As a first step, we should find the cycling cells and find where they are in the cell cycle.
To help with this, Seurat comes with two list of genes that are strongly upregulated
in all cells in the S phase and in the G2/M phase of the cell cycle.
(The cell cycle in brief: G1 phase: first growth phase, after cell division; similar
to a non-cycling cell's rest state -- S phase: synthesis phase, i.e. duplicating of
the DNA; G2 phase: second growth phase, in preparation for cell division;
M phase: mitosis, i.e., separation of the chomosomes, followed by cell division)
Here's the lists:
```{r}
cc.genes.updated.2019
```
Unfortunately, these are human gene symbols, but we can convert them to mouse
symbols via Ensembl BioMart:
```{r}
read_tsv( "data/biomart_export_human_mouse.tsv", show_col_types=FALSE ) %>%
select( human_gene_symbol = `Gene name`, mouse_gene_symbol = `Mouse gene name` ) -> human_mouse_table
human_mouse_table %>%
filter( human_gene_symbol %in% cc.genes.updated.2019$s.genes, !is.na(mouse_gene_symbol) ) %>%
pull( mouse_gene_symbol ) %>% na.omit() -> mouse_cc_genes_s
human_mouse_table %>%
filter( human_gene_symbol %in% cc.genes.updated.2019$g2m.genes, !is.na(mouse_gene_symbol) ) %>%
pull( mouse_gene_symbol ) -> mouse_cc_genes_g2m
mouse_cc_genes_s
mouse_cc_genes_s
```
We can simply add up the expression of these genes to get for each gene two "cell-cycle scores":
```{r}
seu$cc_score_s <- colSums( LayerData(seu)[ mouse_cc_genes_s, ] )
seu$cc_score_g2m <- colSums( LayerData(seu)[ mouse_cc_genes_g2m, ] )
```
Here, we have used `LayerData`, which returns the log-normalized expression data,
i.e. $y=_{ij}\log(k_{ij}/s_j\cdot 10^4 + 1)$.

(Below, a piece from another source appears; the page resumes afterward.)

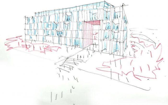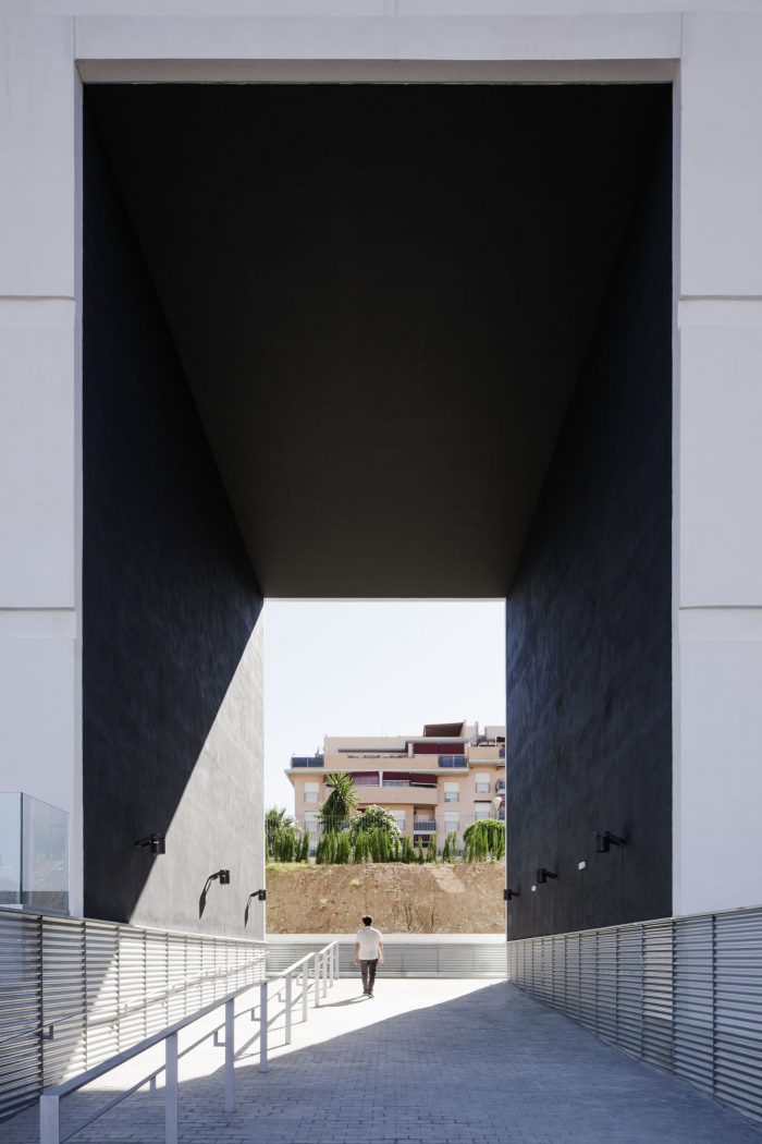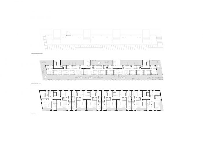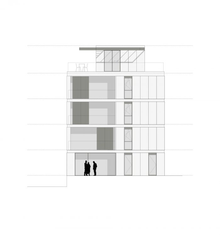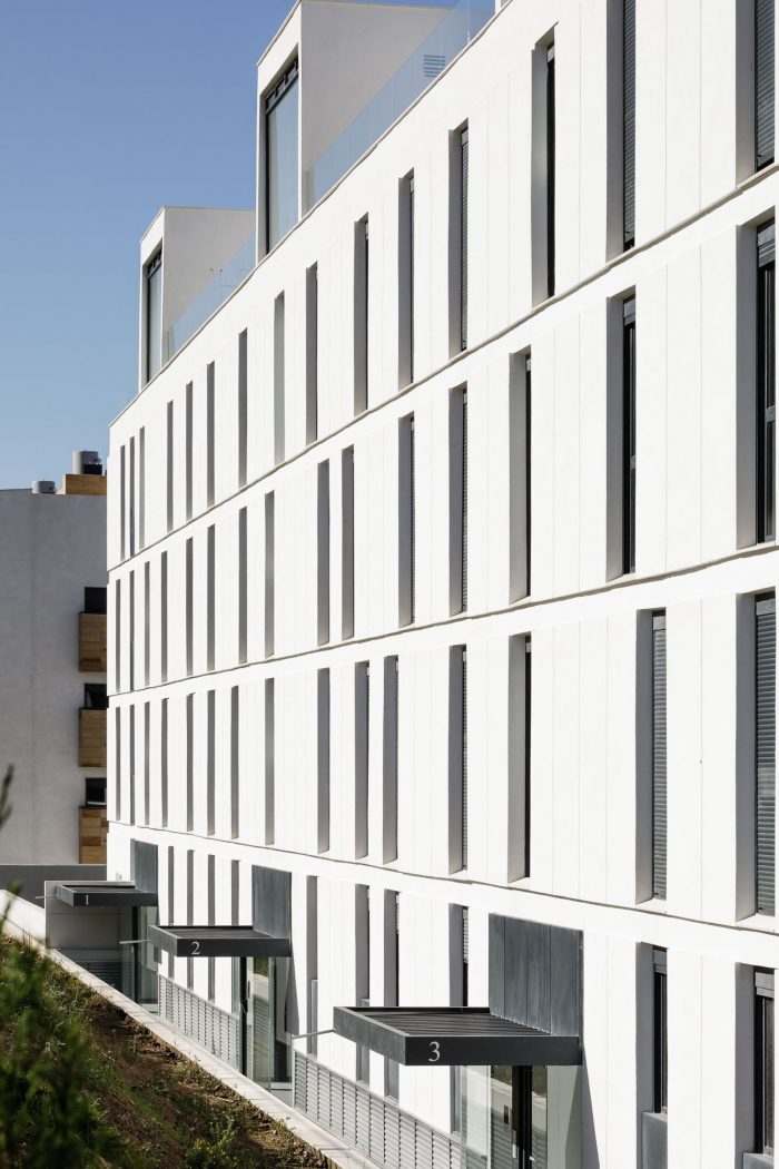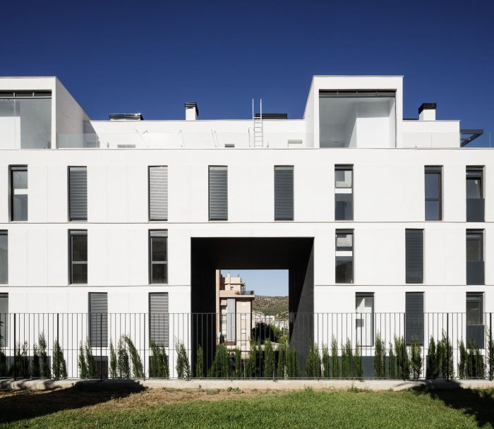The building sits on the uneven ground along its entire perimeter. This fact will determine its position and main access, formalized with a large opening in the volume. This perforation -the most outstanding morphological gesture of the project- intends the visual and physical permeability of the building from the street. An opening to the linear park that runs parallel to its back and that allows the building to be crossed to access the communication hubs directly and clearly. The building consists of 32 homes with 3 and 4 bedrooms spread over four floors plus an attic and is based, taking advantage of the existing topography, on a parking lot for 49 private spaces and 32 storage rooms from which you can access street level. The 4 communication cores will give access to the dwellings at a ratio of 2 for each floor.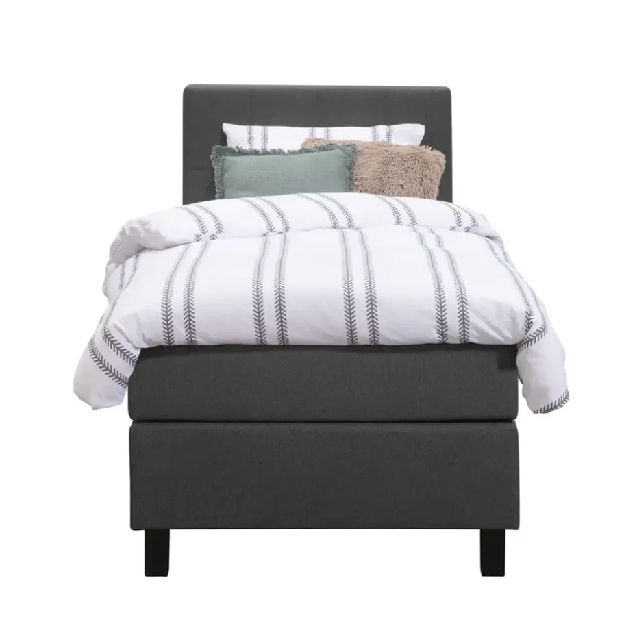 Boxspring Liv is een boxspring met een afmeting van 90×200 cm. Deze prachtige boxspring is bekleed met een grof geweven antraciete stof en heeft een landelijke uitstraling met een geblokt hoofdbord. De Liv geblokt is uitgerust met een pocketveringmatras en daarnaast ook nog een koudschuim topdekmatras voor extra comfort. Het pocketveringmatras is omkeerbaar, bestaande uit zowel een medium- als een stevige kant. Hierdoor kun je zelf kiezen wat voor jou het meest comfortabel ligt.

Here's a plot, using blended colour. Red channel is S score, blue channel G2M score:
```{r}
Embeddings(seu, "umap") %>%
as_tibble( rownames="cell" ) %>%
add_column(
s_score = seu$cc_score_s,
g2m_score = seu$cc_score_g2m ) %>%
mutate( color = rgb(
red = s_score / max(s_score),
green = 0,
blue = g2m_score / max(g2m_score ) ) ) %>%
ggplot +
geom_point( aes( x=umap_1, y=umap_2, col=I(color) ), size=.3 ) +
coord_equal()
```
### Regressing out the cell cycle
Now, we redo the PCA, with the following modification. Before, we only scaled
and centered the genes, now we regress out the scores.

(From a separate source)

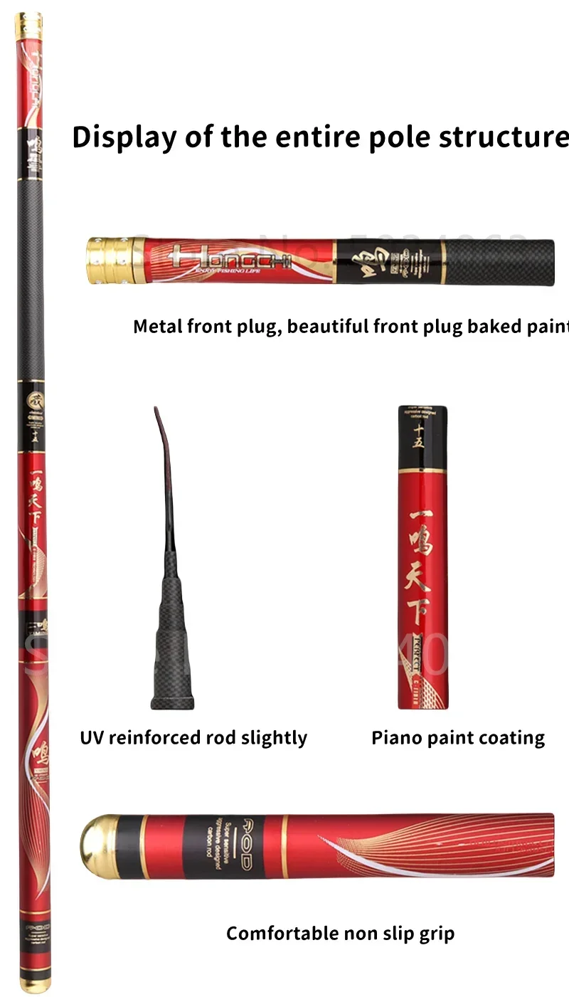 Caña de flujo telescópica 2.7M/3.6M/3.9M/4.5M/5.4M/6,3M, estanque de depósito, caña de pescar de carbono, caña de pescar manual de fibra dura súper ligera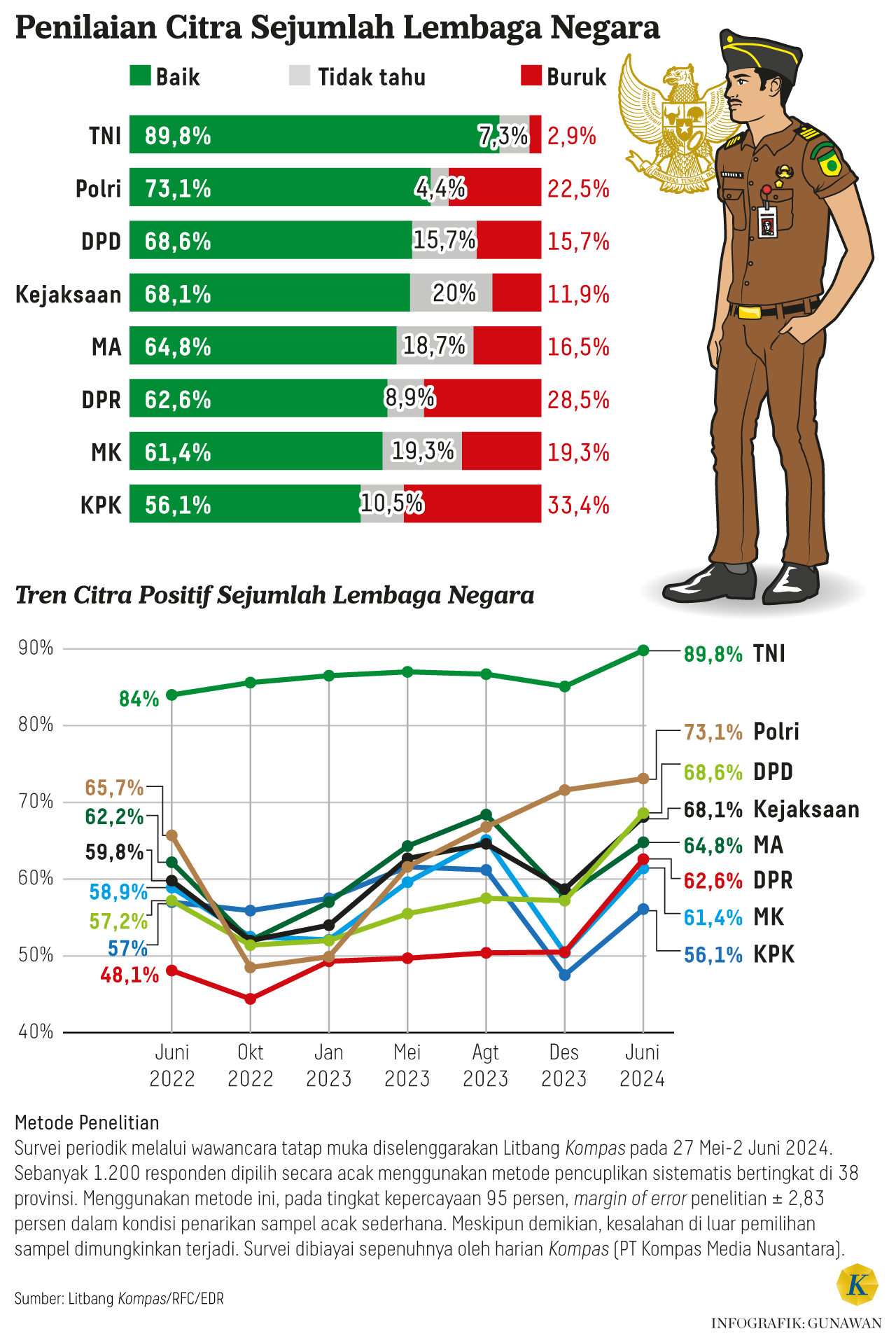 Berikut hasil survei Litbang Kompas periode Juni 2024 terkait penilaian citra sejumlah lembaga negara:

We demonstrate this with one gene:
```{r}
fit <- lm( LayerData(seu)["Mcm3",] ~ seu$cc_score_s + seu$cc_score_g2m )
fit
head(residuals(fit))
```
Here, we have fitted, for the gene $i=\text{Mcm3}}$, the linear model
$$ y_{ij} = \beta_0 + \beta_\text{S} x^\text{S}_i + \beta_\text{G2M} x^\text{G2M}_i + \epsilon_{ij} $$
and then extracted the residuals $r_{ij} = \hat y_{ij} - y_{ij}$. As residuals, they are already
centered, but still need to be divided by their standard deviation before being given to the PCA.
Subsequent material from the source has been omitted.